Start of DATA FOR PROCESSING

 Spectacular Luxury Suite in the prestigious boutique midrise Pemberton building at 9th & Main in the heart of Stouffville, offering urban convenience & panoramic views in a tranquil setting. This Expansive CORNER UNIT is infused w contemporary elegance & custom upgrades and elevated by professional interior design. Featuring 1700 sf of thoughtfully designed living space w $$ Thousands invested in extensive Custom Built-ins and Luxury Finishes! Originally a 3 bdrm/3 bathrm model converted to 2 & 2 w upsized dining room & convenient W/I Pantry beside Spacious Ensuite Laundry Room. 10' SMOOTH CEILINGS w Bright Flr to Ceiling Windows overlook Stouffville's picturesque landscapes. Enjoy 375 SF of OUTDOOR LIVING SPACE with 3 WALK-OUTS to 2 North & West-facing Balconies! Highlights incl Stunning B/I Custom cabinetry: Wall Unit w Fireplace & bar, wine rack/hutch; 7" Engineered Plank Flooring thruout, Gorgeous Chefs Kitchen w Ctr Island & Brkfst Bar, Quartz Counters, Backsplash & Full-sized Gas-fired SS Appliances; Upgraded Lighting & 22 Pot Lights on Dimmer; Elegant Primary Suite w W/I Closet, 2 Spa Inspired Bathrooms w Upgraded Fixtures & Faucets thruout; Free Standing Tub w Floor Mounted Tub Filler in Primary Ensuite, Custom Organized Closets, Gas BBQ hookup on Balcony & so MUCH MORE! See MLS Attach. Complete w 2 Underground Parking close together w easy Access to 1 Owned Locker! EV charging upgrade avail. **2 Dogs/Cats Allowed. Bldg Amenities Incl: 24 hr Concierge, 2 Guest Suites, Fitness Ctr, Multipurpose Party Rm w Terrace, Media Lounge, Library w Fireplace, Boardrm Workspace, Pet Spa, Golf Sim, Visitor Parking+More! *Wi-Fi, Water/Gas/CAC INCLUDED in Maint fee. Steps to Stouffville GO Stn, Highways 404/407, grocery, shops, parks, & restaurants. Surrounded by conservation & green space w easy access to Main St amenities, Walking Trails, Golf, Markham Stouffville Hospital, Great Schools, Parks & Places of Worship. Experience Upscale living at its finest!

End of DATA FOR PROCESSING
Start of DATA FOR PROCESSING

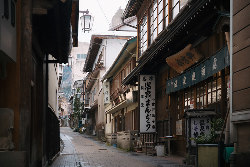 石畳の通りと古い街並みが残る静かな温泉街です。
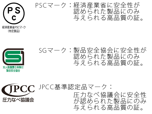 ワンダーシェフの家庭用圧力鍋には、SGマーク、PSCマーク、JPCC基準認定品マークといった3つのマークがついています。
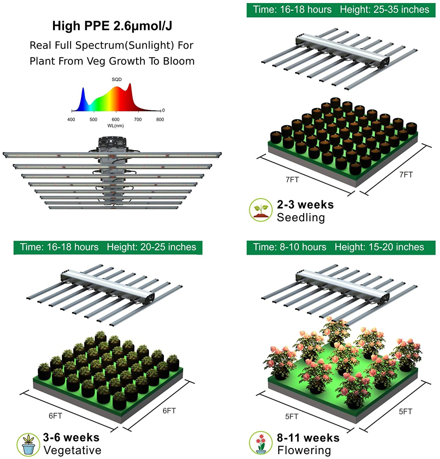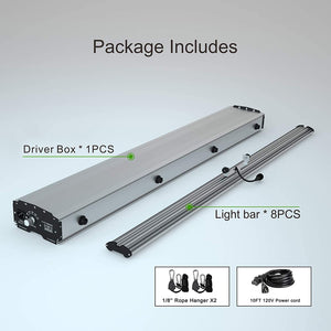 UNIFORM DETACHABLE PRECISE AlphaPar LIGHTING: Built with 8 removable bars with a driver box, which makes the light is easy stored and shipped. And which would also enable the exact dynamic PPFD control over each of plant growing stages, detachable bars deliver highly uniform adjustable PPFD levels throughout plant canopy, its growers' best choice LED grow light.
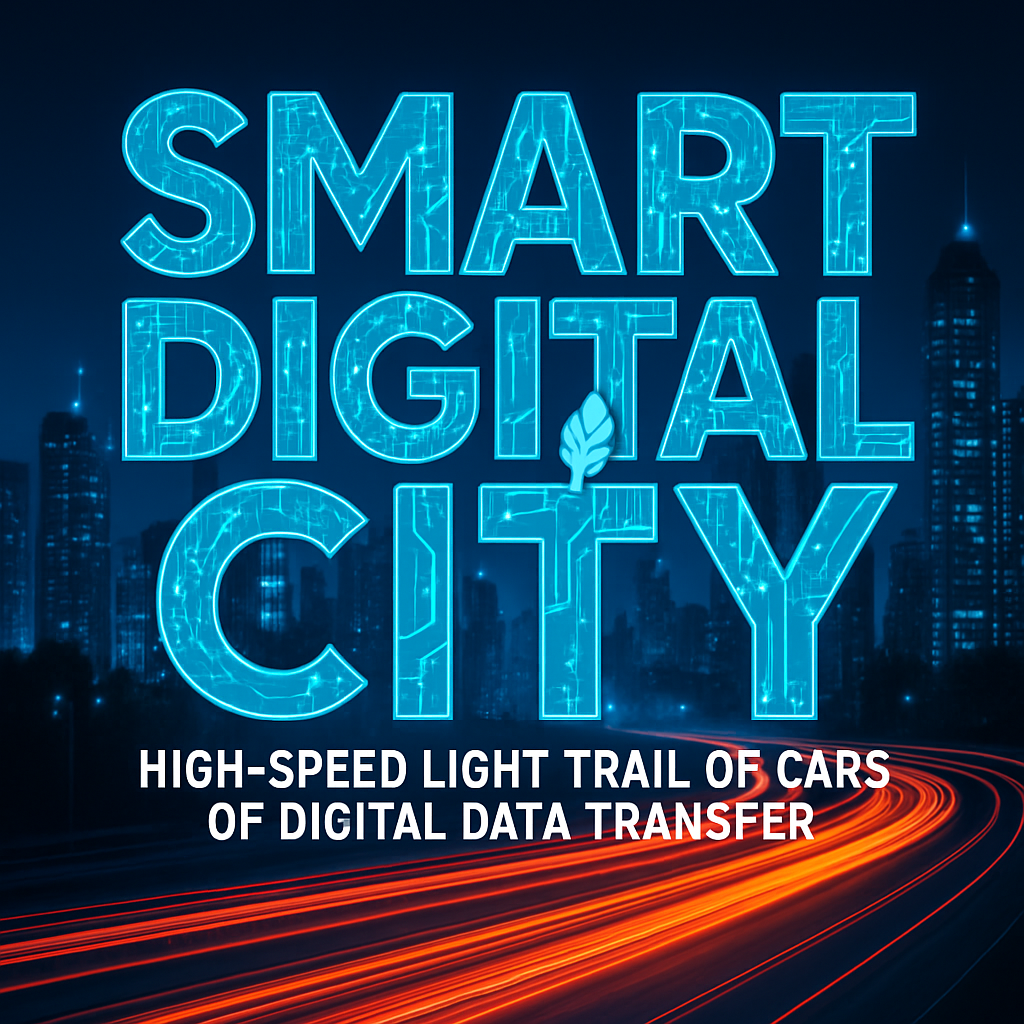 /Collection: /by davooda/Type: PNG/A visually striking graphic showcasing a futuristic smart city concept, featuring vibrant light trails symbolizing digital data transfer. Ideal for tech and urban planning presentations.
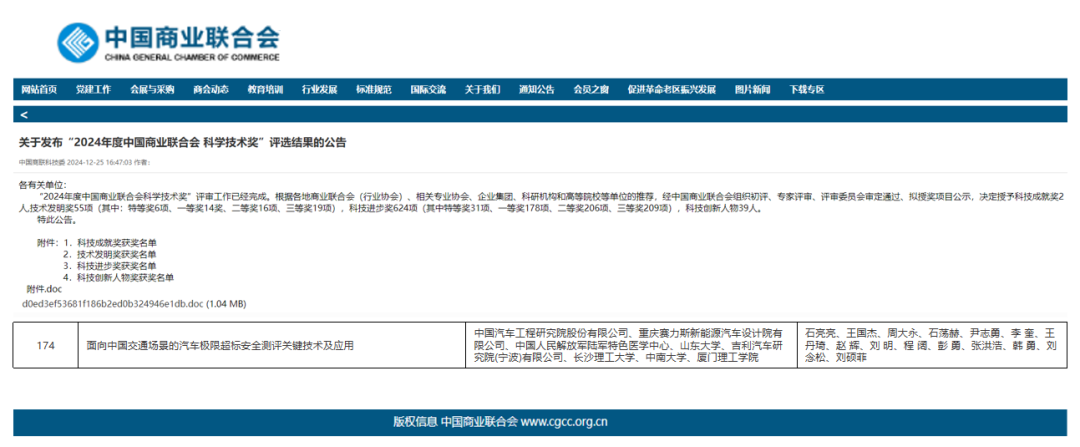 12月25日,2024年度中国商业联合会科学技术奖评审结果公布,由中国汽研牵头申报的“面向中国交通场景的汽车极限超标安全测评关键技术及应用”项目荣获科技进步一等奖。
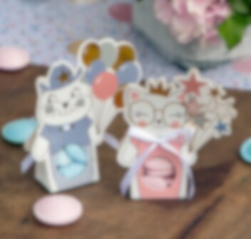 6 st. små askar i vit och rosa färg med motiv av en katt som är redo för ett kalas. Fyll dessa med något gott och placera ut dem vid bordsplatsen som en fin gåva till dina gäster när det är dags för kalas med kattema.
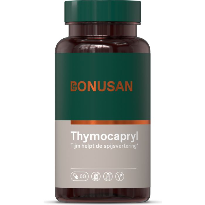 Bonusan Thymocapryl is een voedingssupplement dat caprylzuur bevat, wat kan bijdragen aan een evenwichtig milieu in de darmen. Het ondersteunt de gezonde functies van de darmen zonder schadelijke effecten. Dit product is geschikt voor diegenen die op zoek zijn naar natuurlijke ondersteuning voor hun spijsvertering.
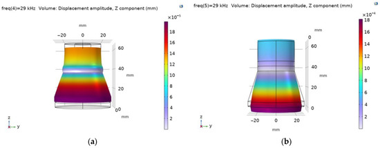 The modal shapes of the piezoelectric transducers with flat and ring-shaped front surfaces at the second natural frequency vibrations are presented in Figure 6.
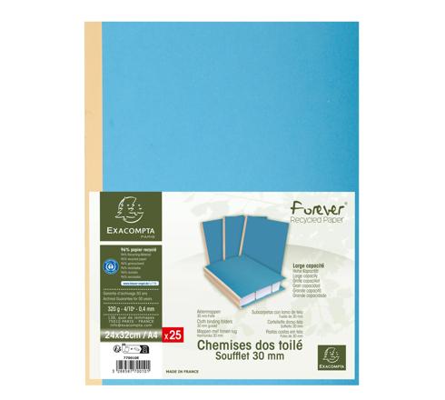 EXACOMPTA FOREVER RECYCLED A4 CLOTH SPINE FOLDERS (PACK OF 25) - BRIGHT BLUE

End of DATA FOR PROCESSING

--- BRIEF ---
Please repeat the lines of the material above exactly, starting with the line that contains "石畳の通りと古い街並みが残る静かな温泉街です。" and ending with the line that contains "UNIFORM DETACHABLE PRECISE". Leave the pictures out.

--- COMPLETED TASK ---
 石畳の通りと古い街並みが残る静かな温泉街です。
 ワンダーシェフの家庭用圧力鍋には、SGマーク、PSCマーク、JPCC基準認定品マークといった3つのマークがついています。
 UNIFORM DETACHABLE PRECISE AlphaPar LIGHTING: Built with 8 removable bars with a driver box, which makes the light is easy stored and shipped. And which would also enable the exact dynamic PPFD control over each of plant growing stages, detachable bars deliver highly uniform adjustable PPFD levels throughout plant canopy, its growers' best choice LED grow light.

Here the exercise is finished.